Or I get a neat stacktrace showing me, where I messed up.
If I catch a lib::stdexcept::Exception
or a normal std::exception
I print the following.
Message after the error message and stack trace.
Reporting an issue: If you are seeing this message and are not a crowlang contributor. Then please open a Github Issue. As this error is likely a result of unintended behavior. Open an issue at: https://github.com/soerlemans/crowlang/issues/new/choose
As this should never happen in a production release. Neatly letting any users know that they should open a bug report.
Optimizing and getting rid of visitor everywhere idiom
So I wanted to make my programming language order agnostic. I wanted for toplevel functions defined in the same module to be able to call each other without the need for forward declarations. Like in Rust and Golang. I thought this would be a cool feature.
The visitor design pattern
So the visitor design pattern is amazing for compiler development. It allows you to decouple, behavior from AST nodes itself. Now I am not going to explain the visitor pattern itself in this segment. Instead I suggest you read the explanation on refactoring.guru.
But basically the visitor design pattern is used a lot in compiler development. As it prevent you from having to add methods directly to the AST nodes in order to implement functionality. Instead you can specify the behavior in a separate data structure.

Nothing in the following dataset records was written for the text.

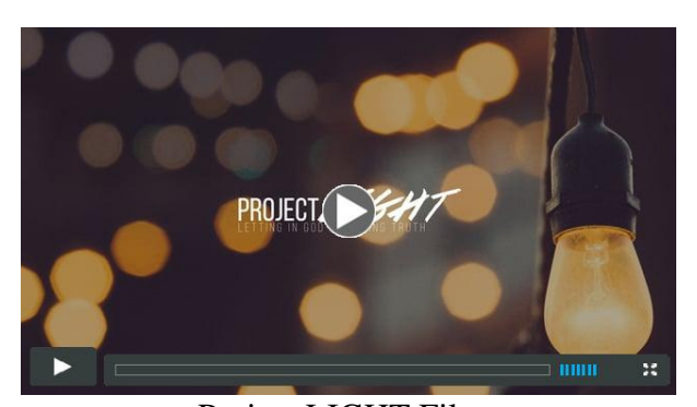
Project LIGHT Films

Be Part of the Movement and Donate Today!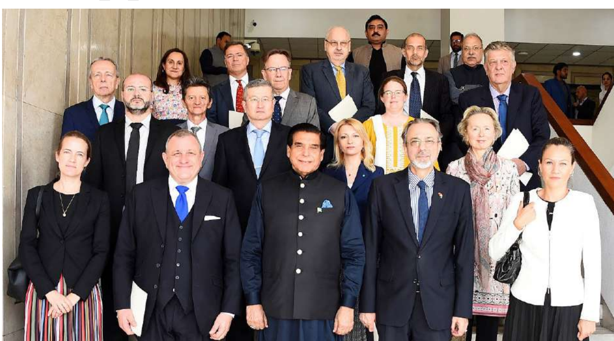
ISLAMABAD: Speaker National Assembly Raja Pervez Ashraf in group photo with Ambassadors / High Commissioners of Group 12+ countries.

ISLAMABAD: Speaker National Assembly Raja Pervez Ashraf said on Wednesday that the developed nations should lend immediate and judicious financial support to help climate-vulnerable countries like Pakistan to better cope with the impacts of climate change. "The Climate catastrophe in Pakistan is a reminder for the global community to take immediate climate action", he added. The National Assembly Speaker expressed these views in his meeting with the Twelve Plus group of the Inter-parliamentary Union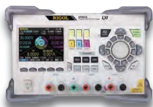
DP800 Series Programmable Power Supplies

Compare vs Tek AFG3000 and Agilent 33500B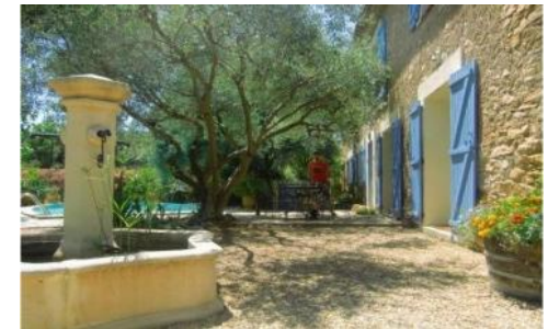
Former water feature, now flower beds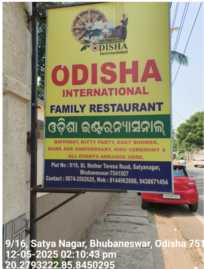
9/16, Satya Nagar, Bhubaneswar, Odisha 751 12-05-2025 02:10:43 pm 20.2793222,85.8450295

Shop inside with inventory photos establishing that the inside is of the same shop where the front photo was taken

Here are some examples I use in the project:
crow/ast/visitor/node_visitor.hpp - Abstract base class for visitor pattern. crow/ast/visitor/ast_archive.hpp - Used to serialize and deserialize the AST (more on this later). crow/ast/visitor/ast_printer.hpp - Use to pretty print the entirety of the AST. crow/semantic/semantic_checker_helper.hpp - Helper inherited class for perform semantic evaluation. crow/clir/clir_builder/clir_builder.hpp - IR builder class that converts the AST into Crowlang IR. crow/codegen/cpp_backend/cpp_backend.hpp - C++ backend which transpiles Crowlang code to C++. crow/codegen/llvm_backend/llvm_backend.hpp - LLVM backend which does not work as generating LLVM directly from the AST is not feasible.
The problem: inefficient lookups
So the visitor design pattern is used to implement algorithms, but not perform lookups.
So I wrote a naive implementation for the C++ backend, which would use the visitor pattern to create forward declarations in C++ code.
So that the generated C++ functions could call each other, regardless of the order they were defined in (seecrow/codegen/cpp_backend/prototype_generator.hpp
).
Now this does work but as you can imagine this does not scale well. So this lookup is of course super inefficient, and not the way to go. Imagine you start implementing multiple modules and you need to check if a variable in another module is defined. Is it then efficient to walk potentially the entire AST for the single variable you want to check the type of? No of course not.
The solution: the symbol table
So what is the solution? Stuff all defined structs, functions, variables in a key value map that contains each scope in the program. This way you can perform lookups way more efficiently. For every software entity defined.
Mistakes: naive implementation
So I honestly made a mistake whilst implementing the symbol table. You see I thought it would be smart and efficient to create the symbol table on the go. During semantic analysis. And this works lovely. But it is not the way to go.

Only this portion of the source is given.